→ **EXERCISE PROMPT**
Repeat the listing word for word. Leave every picture out.

→ **INFORMATION SUPPLIED**
------------------------------------

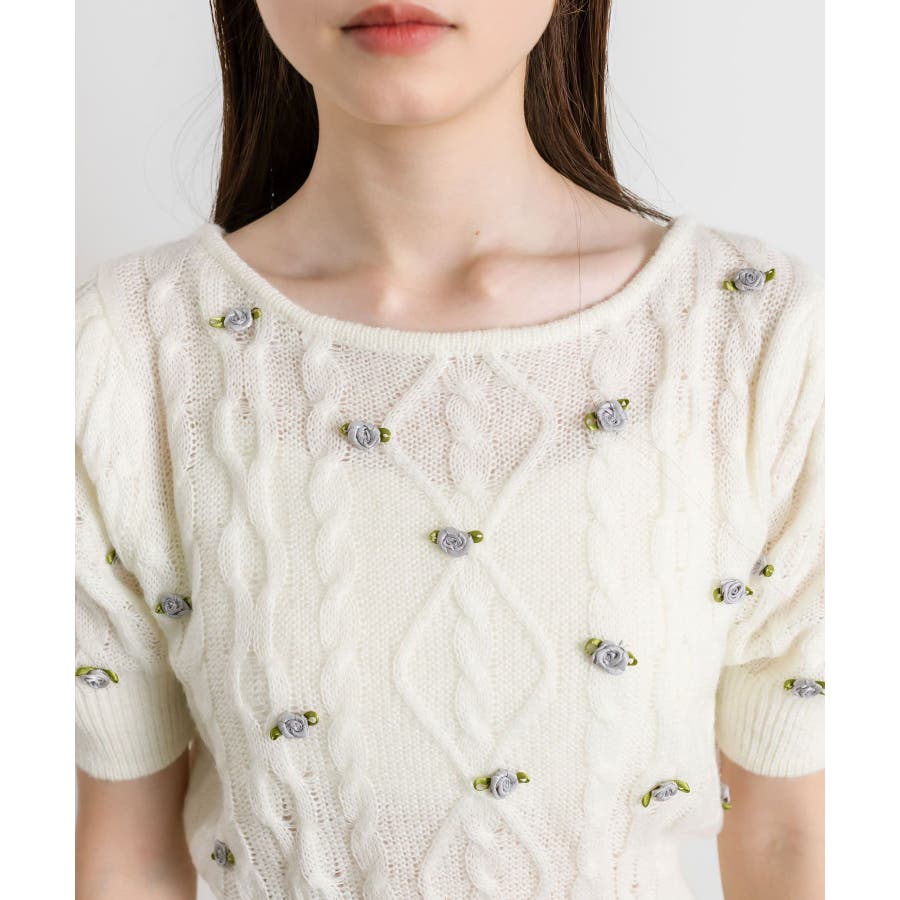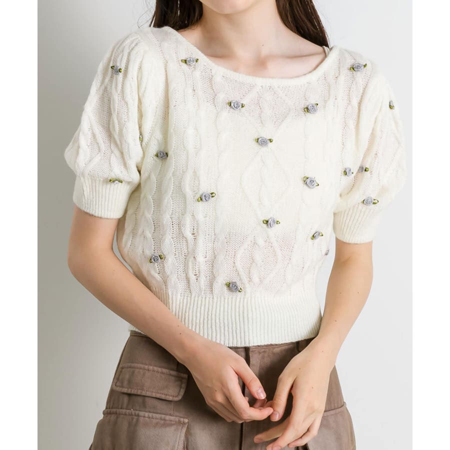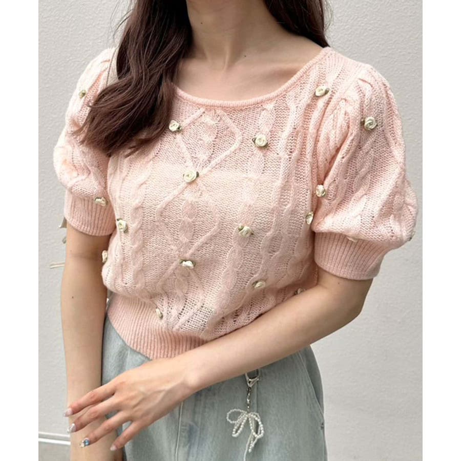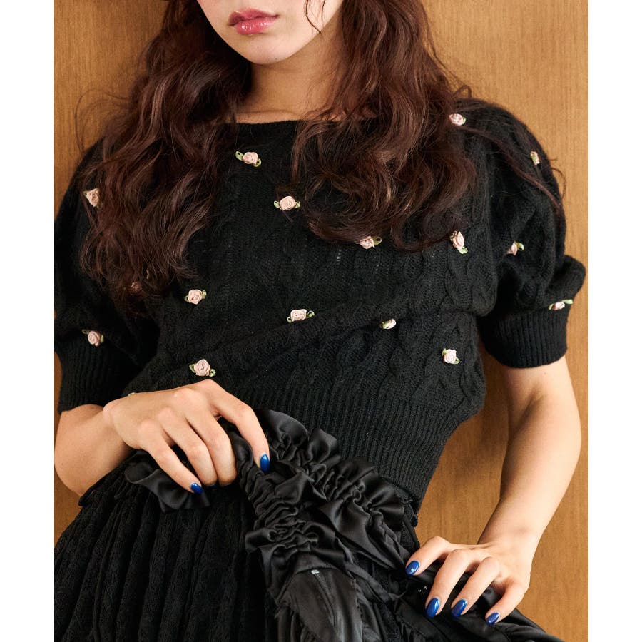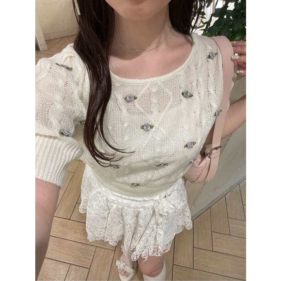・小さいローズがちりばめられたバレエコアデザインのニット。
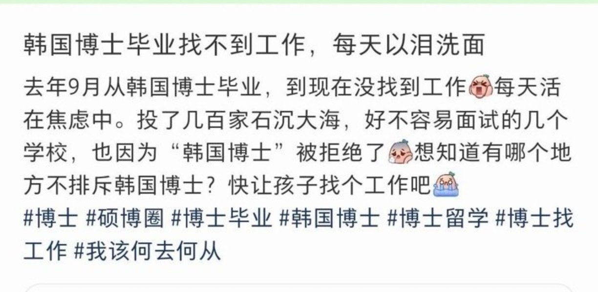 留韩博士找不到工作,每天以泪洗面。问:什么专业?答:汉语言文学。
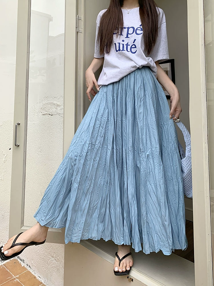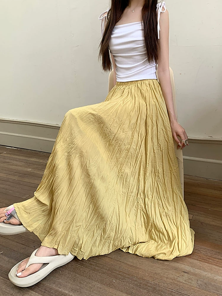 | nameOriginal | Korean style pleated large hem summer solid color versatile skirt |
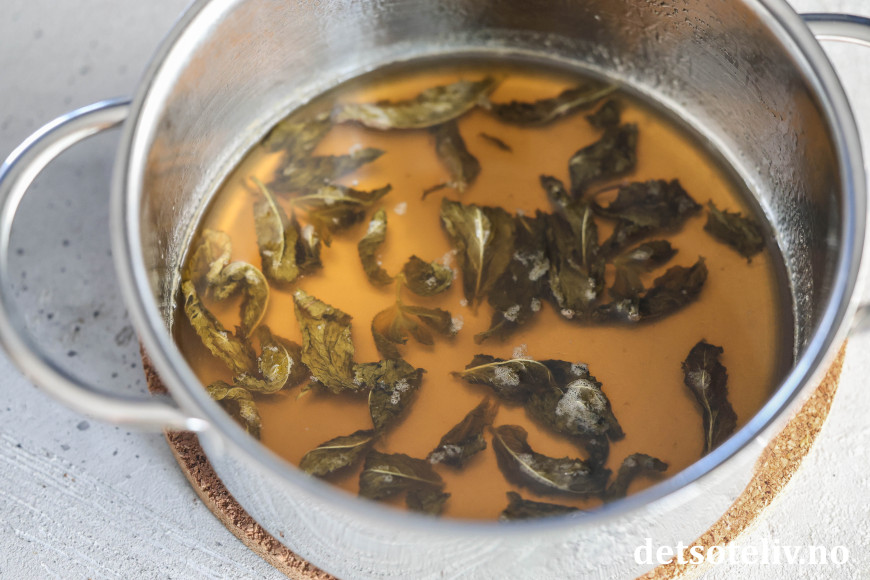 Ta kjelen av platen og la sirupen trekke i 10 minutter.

------------------------------------

→ **RESULT OF THIS EXERCISE**
・小さいローズがちりばめられたバレエコアデザインのニット。
 留韩博士找不到工作,每天以泪洗面。问:什么专业?答:汉语言文学。
 | nameOriginal | Korean style pleated large hem summer solid color versatile skirt |
 Ta kjelen av platen og la sirupen trekke i 10 minutter.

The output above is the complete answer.